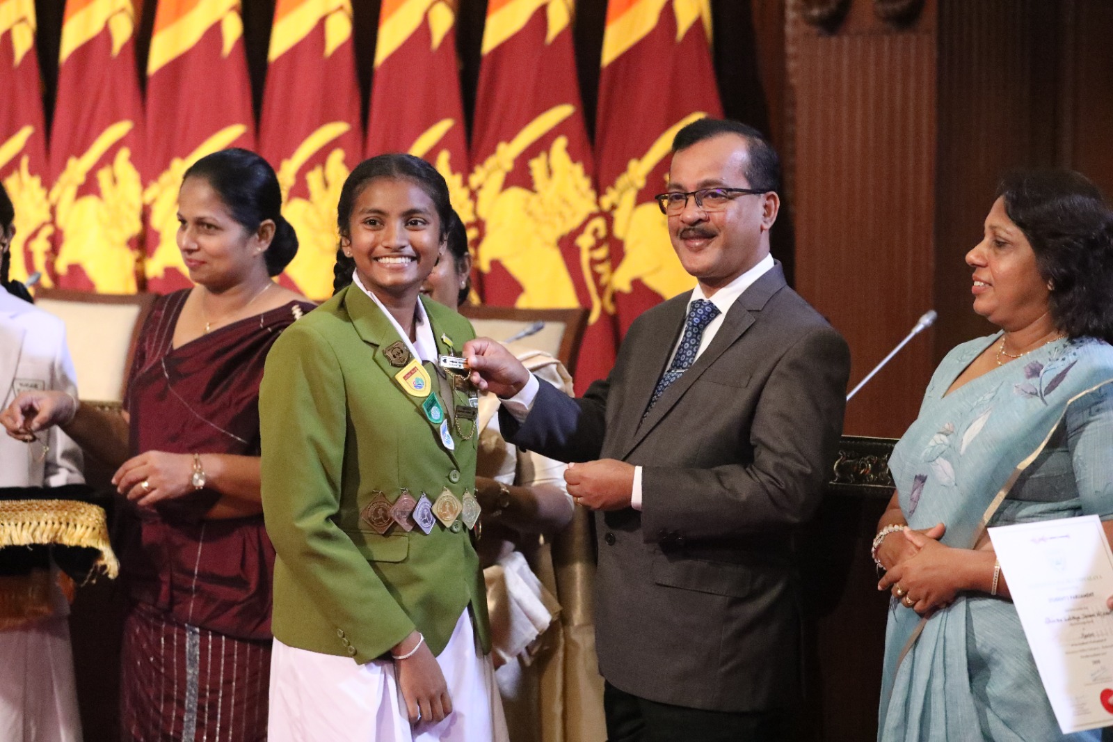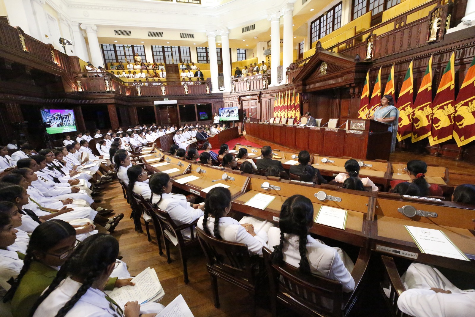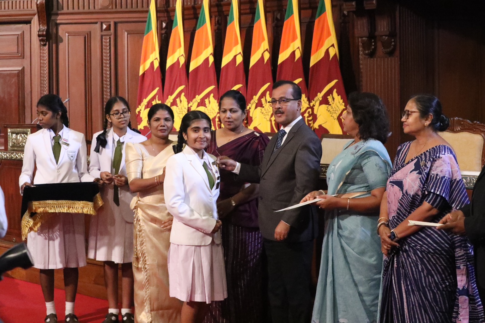 කඩවත මහාමායා බාලිකා විද්යාලයේ ශිෂ්ය පාර්ලිමේන්තුවේ සභිකයින්ට නිල ලාංඡන පැළඳවීම ජනාධිපති ලේකම් කාර්යාලයේදී පසුගියදා (අප්රේල් 27) පැවැත්විණි.
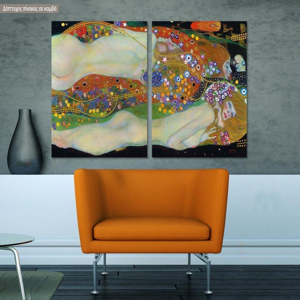 Πίνακας σε καμβά Water serpents II, Klimt G., δίπτυχος
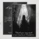 Este menu funeral tem uma design escura moderna e elegante com uma borda branca à volta da frente e atrás. A pessoa entra na luz - adeus minha querida Os nomes, texto e data podem ser personalizados no modelo. Projetado por pASob-design.
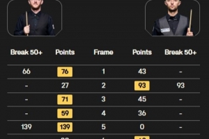 馬克·艾倫打出一桿破百(39)和一桿50+(66),喬·奧康納打出一桿50+(93),上半場結束艾倫3-1領先奧康納,最終馬克·艾倫5-2戰勝喬·奧康納晉級半決賽。

····················

*EXERCISE BRIEF*.
Exactly and only the lines from the one holding "Πίνακας σε καμβά" through the final line of the material must be returned, both ends included, without any pictures.

*TASK ANSWER*.
 Πίνακας σε καμβά Water serpents II, Klimt G., δίπτυχος
 Este menu funeral tem uma design escura moderna e elegante com uma borda branca à volta da frente e atrás. A pessoa entra na luz - adeus minha querida Os nomes, texto e data podem ser personalizados no modelo. Projetado por pASob-design.
 馬克·艾倫打出一桿破百(39)和一桿50+(66),喬·奧康納打出一桿50+(93),上半場結束艾倫3-1領先奧康納,最終馬克·艾倫5-2戰勝喬·奧康納晉級半決賽。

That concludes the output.